Intelligent document processing workflow and solution overview
A general IDP workflow (Figure 1) includes steps of data capture, document classification, information extraction and enrichment, review and validation, and consumption.
Figure 1. General IDP workflow for a benefits application processing solution.
More specifically, when using AWS services to represent the general workflow into an architecture, the following architecture diagram (Figure 2) shows the different AWS services used during the phases of the IDP workflow according to different stages of a benefit application.
Figure 2. IDP workflow with AWS services, explained in more detail in the following section.
The solution uses the following key services:
Amazon Textract is an ML service that automatically extracts text, handwriting, and data from scanned documents. It goes beyond simple OCR to identify, understand, and extract data from forms and tables. Amazon Textract uses ML to read and process any type of document, accurately extracting text, handwriting, tables, and other data with no manual effort.
Amazon Comprehend is a natural language processing (NLP) service that uses ML to extract insights from text. Amazon Comprehend can detect entities such as person, location, date, quantity, and more. It can also detect the dominant language, personally identifiable information (PII) information, and classify documents into their relevant class.

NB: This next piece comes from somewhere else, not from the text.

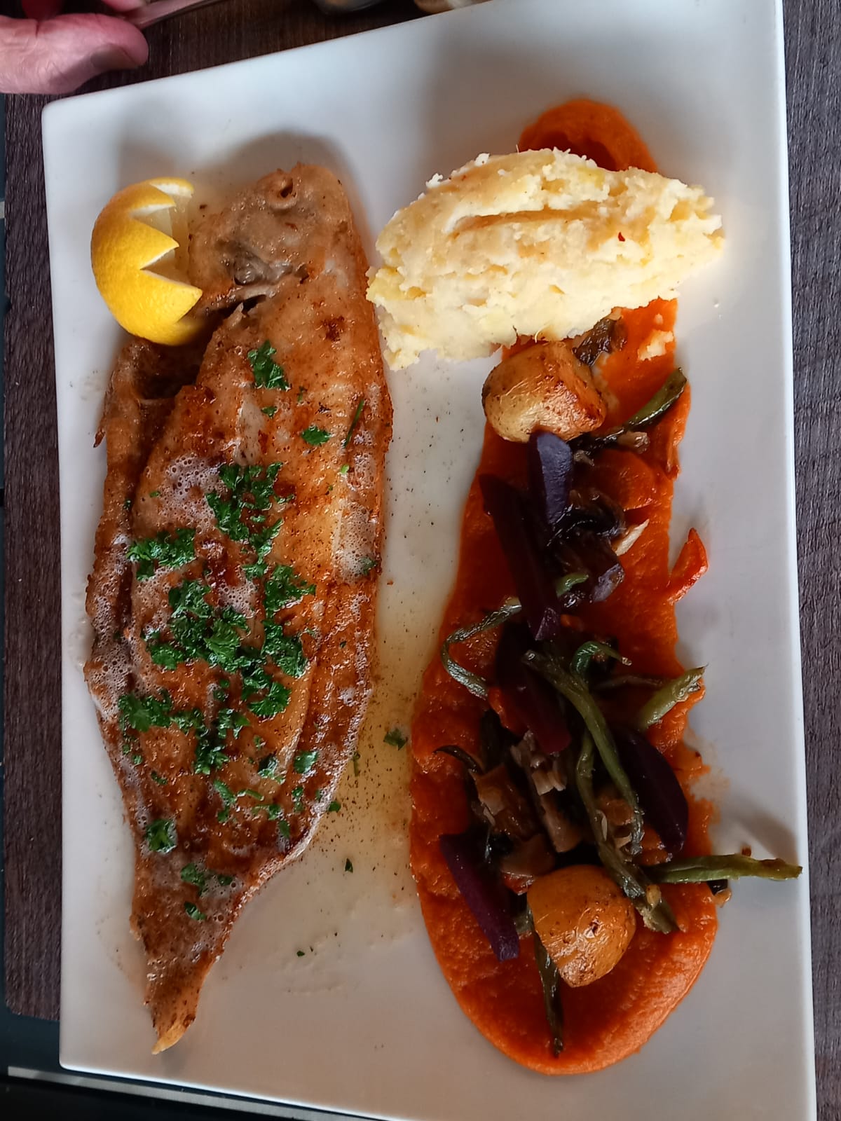 Un régal comme à chaque fois et le filet de perche... Humm Bref magnifique Seul bémol c'est un peu bruyant 😢

Amazon Augmented AI (Amazon A2I) is an ML service that makes it simple to build the workflows required for human review. Amazon A2I brings human review to all developers, removing the undifferentiated heavy lifting associated with building human review systems or managing large numbers of human reviewers. Amazon A2I is natively integrated into some AI services such as Amazon Textract’s APIs, but also can be triggered by other services like Amazon Comprehend via AWS Lambda to provide the ability to introduce human review or validation within the IDP workflow.
In a benefit application use case, at the start of the process, an application package including several documents is uploaded to an Amazon Simple Storage Service (Amazon S3) bucket. Amazon Comprehend initiates a document classification process to categorize the documents into known categories. After the documents are categorized, the next step is to extract key information from these documents by using Amazon Textract and Amazon Comprehend. An additional option is to perform document enrichment for select documents, such as personally identifiable information (PII) redaction, document tagging, metadata updates, and more. Amazon A2I then validates the data extracted in previous phases to support completeness of a benefit application. Validation is usually based upon business rule settings. Those rules can be validation rules within a document and/or cross documents. The confidence scores of the extracted information can also be compared to a set threshold, and automatically routed to a human reviewer through Amazon A2I if the threshold isn’t met. In the final phase of the process, the extracted and validated data is sent to downstream systems for further storage, processing, or data analytics.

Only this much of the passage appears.